‘This is God’s new covenant, a more trusting, more loving, way of living now.’
Reunited kingdom: Keith Archer has a ‘new covenant’ experience
‘If Jeremiah’s new covenant was our dream, we were already living it.’
This May, six friends and I met at the Château de Bossey, near Geneva, home of the Ecumenical Institute of the World Council of Churches. Fifty-five years ago (gosh!) we spent five months there as students.
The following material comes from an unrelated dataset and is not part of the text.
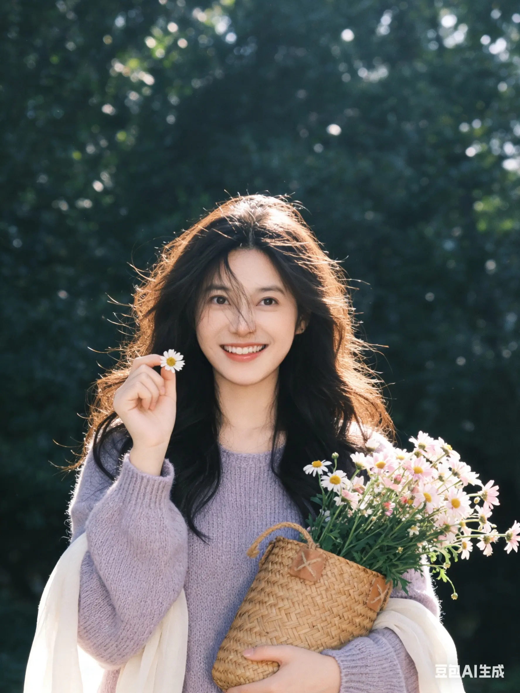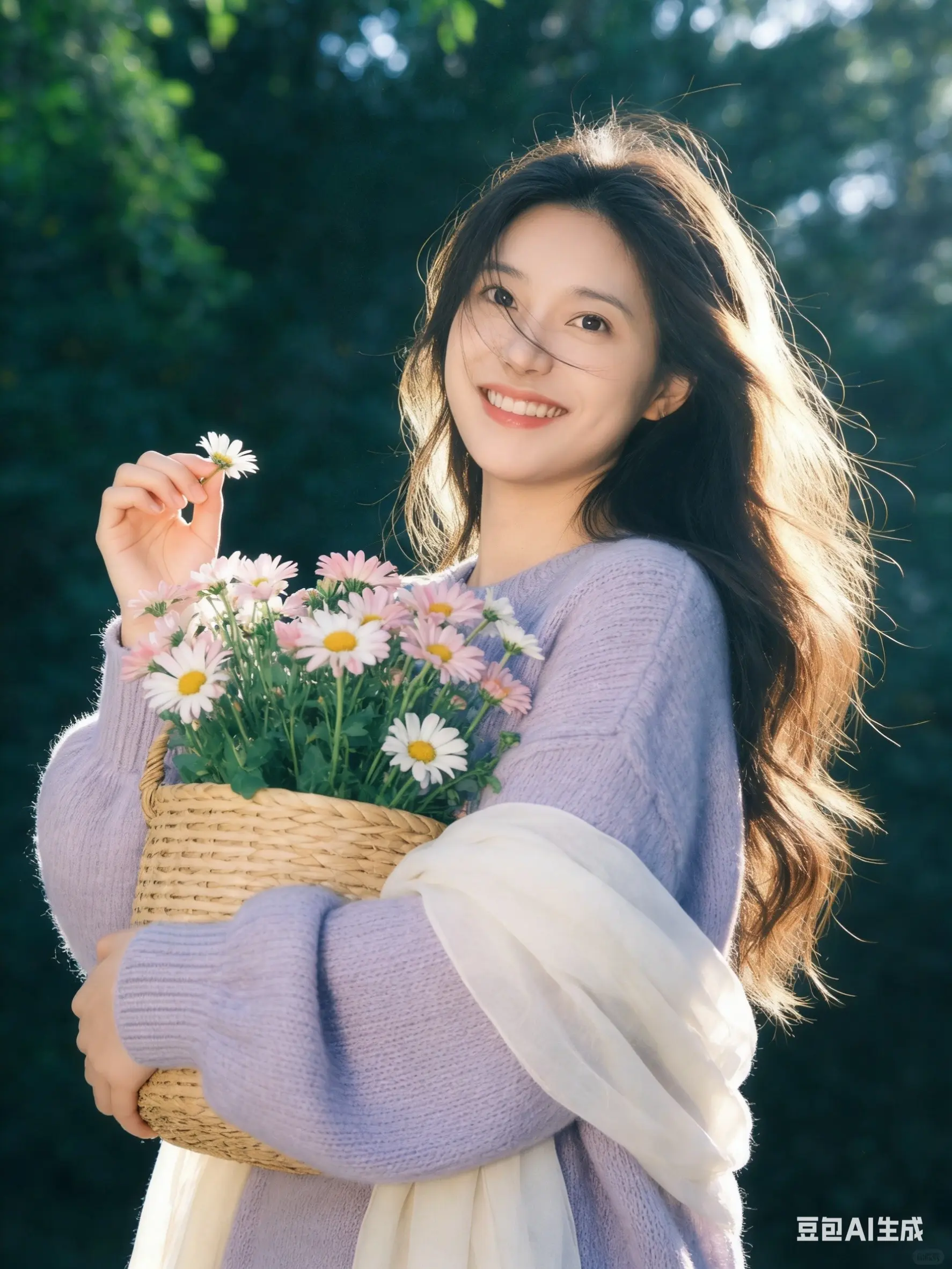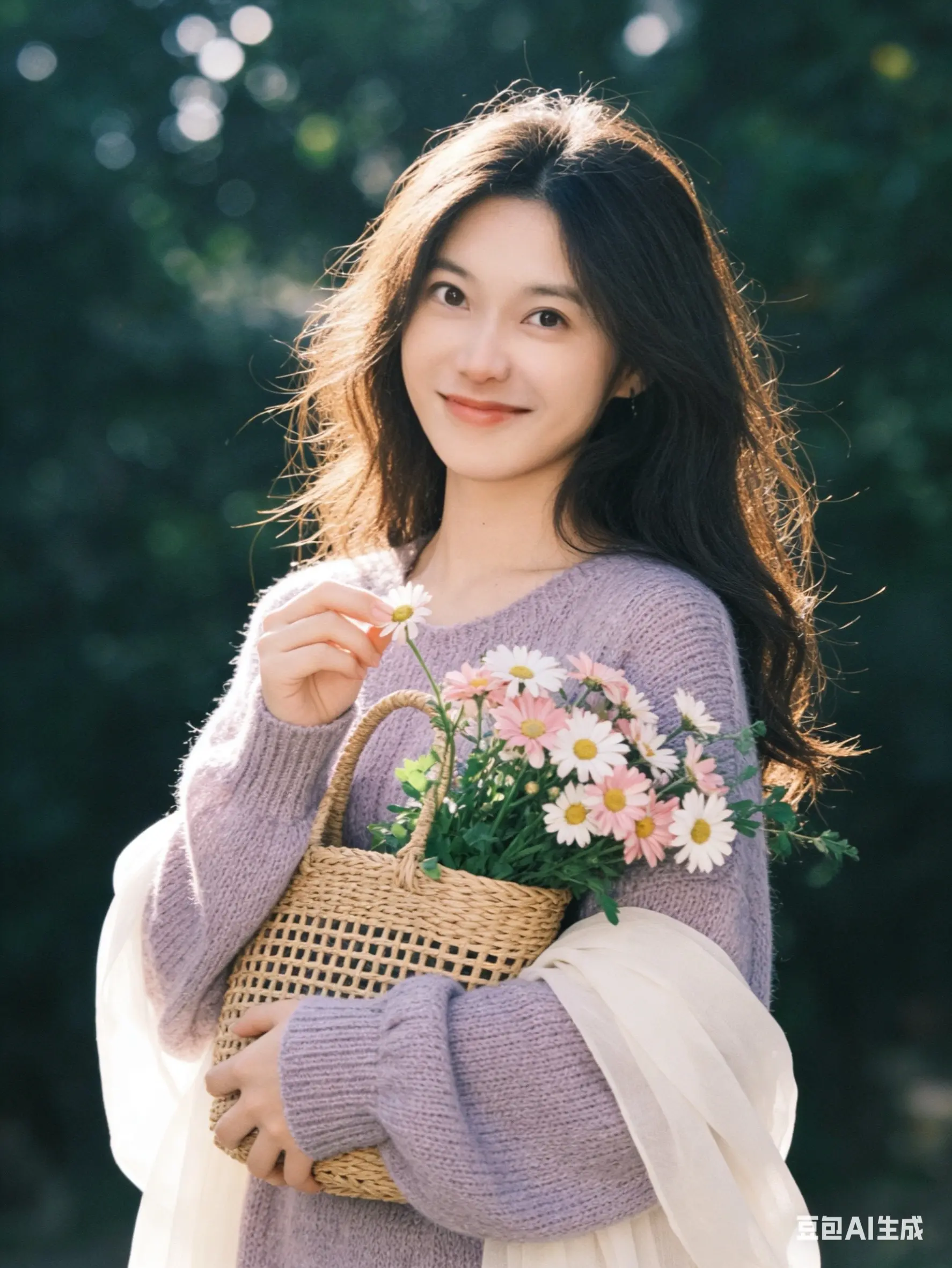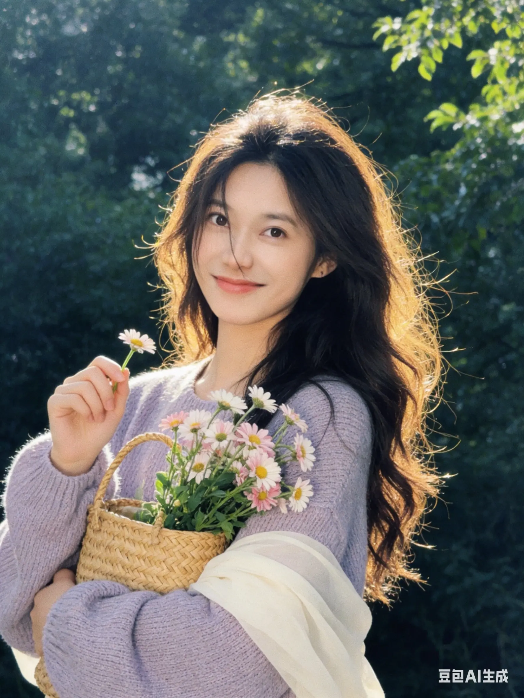 帮我生成10张照片,人物动作取景角度丰富:半身、全身、脸部近景、脸部特写;日系富土胶片风的人像写真,冷色调;部分照片微光打在飘起的发丝上,部分发丝杨在脸上,人物表情丰富,开心大笑,浅笑或放空;3:4比例高清写真,画面中一位年轻女性身着浅紫色宽松针织毛衣,质地柔软亲肤,搭配米白色轻薄披肩随意搭在肩头,增添了慵懒温柔的气质。她留着自然微卷的深棕色长发,发丝蓬松且带着自然的毛躁感,部分发丝被微风轻拂,随意地散落在脸颊与肩头,无刻意造型的松弛感。妆容清透自然,底妆轻薄服帖,眼妆以大地色晕染出柔和轮廓,唇色是淡粉裸调,整体呈现出原生感的元气。她的左手抱着一只编织草编篮,篮中盛放着粉白相间的小雏菊与绿色枝叶,右手轻捏一朵小雏菊,神情放松又治愈。背景是茂密的深绿色树林,枝叶繁茂,阳光透过叶隙形成斑驳的光影,空气里仿佛带着草木的清新气息。光线是温暖的午后侧逆光,柔和地勾勒出发丝的金色轮廓,营造出日系清新治愈的氛围,整体风格自然松弛,充满春日的鲜活与温柔。

There were about sixty of us then, from all over the world, and from most of the world’s main churches – almost every tradition but Quakers! A few years ago, some of us decided to return for a reunion. Many of the original sixty lived far too far away to travel to Switzerland for just a few days. Some others couldn’t be traced, or weren’t interested. Some, sadly, had died. But ten of us agreed to meet in May 2020. Covid intervened, of course, and three people had to drop out through ill health, one at the very last moment. So, this May, just seven of us made it: one from Switzerland, three from Germany, and three (including me) from England. No longer the whole world, but a fair mixture, broadened in scope by the spirits of those distant, long-absent friends. To paraphrase George Fox’s famous words, we were walking cheerfully over the world. By ‘cheerfully’, Fox didn’t mean being carefree; his cheerfulness involved courage too. In view of all those years and the health issues they had brought us, to be there at all required his kind of cheerfulness!